## [WHAT YOU SHOULD DO]
Leaving out each picture, transcribe the lines of the listing below exactly from the first through the line that contains "kymq-4【片手で傾けるだけ 挽ける】電動ミル 重力センサーを搭載".

## [INPUT DATA]

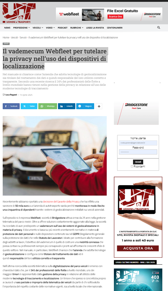 Il vademecum Webfleet per tutelare la privacy nell’uso dei dispositivi di localizzazione
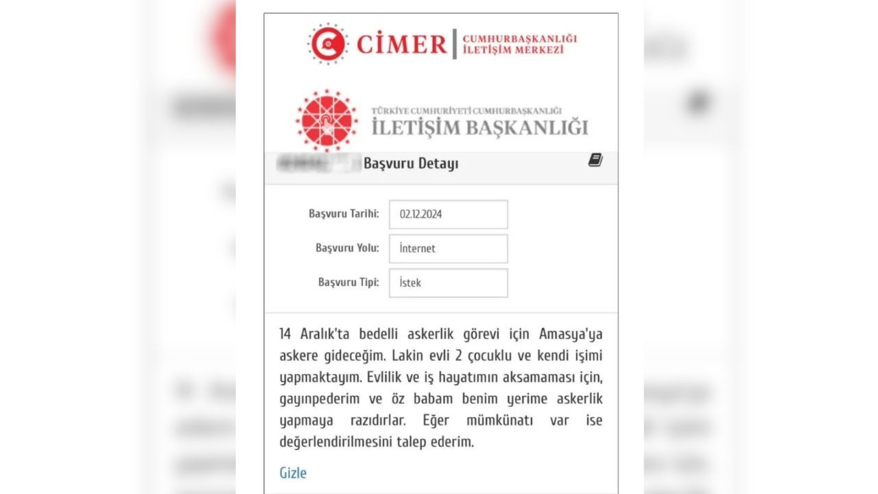 Konya'da bir vatandaş Cimer'e yazarak, askerliğini kendisinin yerine babasının ve kayınpederinin yapmasını talep etti.
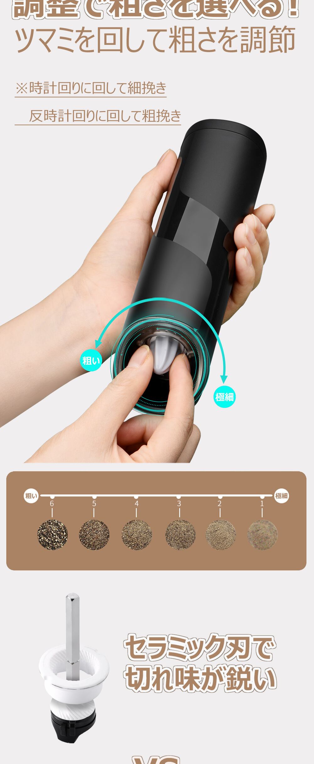 kymq-4【片手で傾けるだけ 挽ける】電動ミル 重力センサーを搭載 スパイスミル 電動 ペッパーミル ソルトミル 電池式 セラミック 粗さ調整 片手 ミル ソルト ペッパーミル
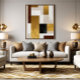Eine geometrische Zusammensetzung aus goldfarbenen und braunen Würfeln, die perfekt harmonieren. Die minimalistische und elegante Kunst spiegelt Reichtum und Raffinesse wider und macht sie zu einem perfekten Kunstwerk für moderne Umgebungen.

## [WORKED SOLUTION]
 Il vademecum Webfleet per tutelare la privacy nell’uso dei dispositivi di localizzazione
 Konya'da bir vatandaş Cimer'e yazarak, askerliğini kendisinin yerine babasının ve kayınpederinin yapmasını talep etti.
 kymq-4【片手で傾けるだけ 挽ける】電動ミル 重力センサーを搭載 スパイスミル 電動 ペッパーミル ソルトミル 電池式 セラミック 粗さ調整 片手 ミル ソルト ペッパーミル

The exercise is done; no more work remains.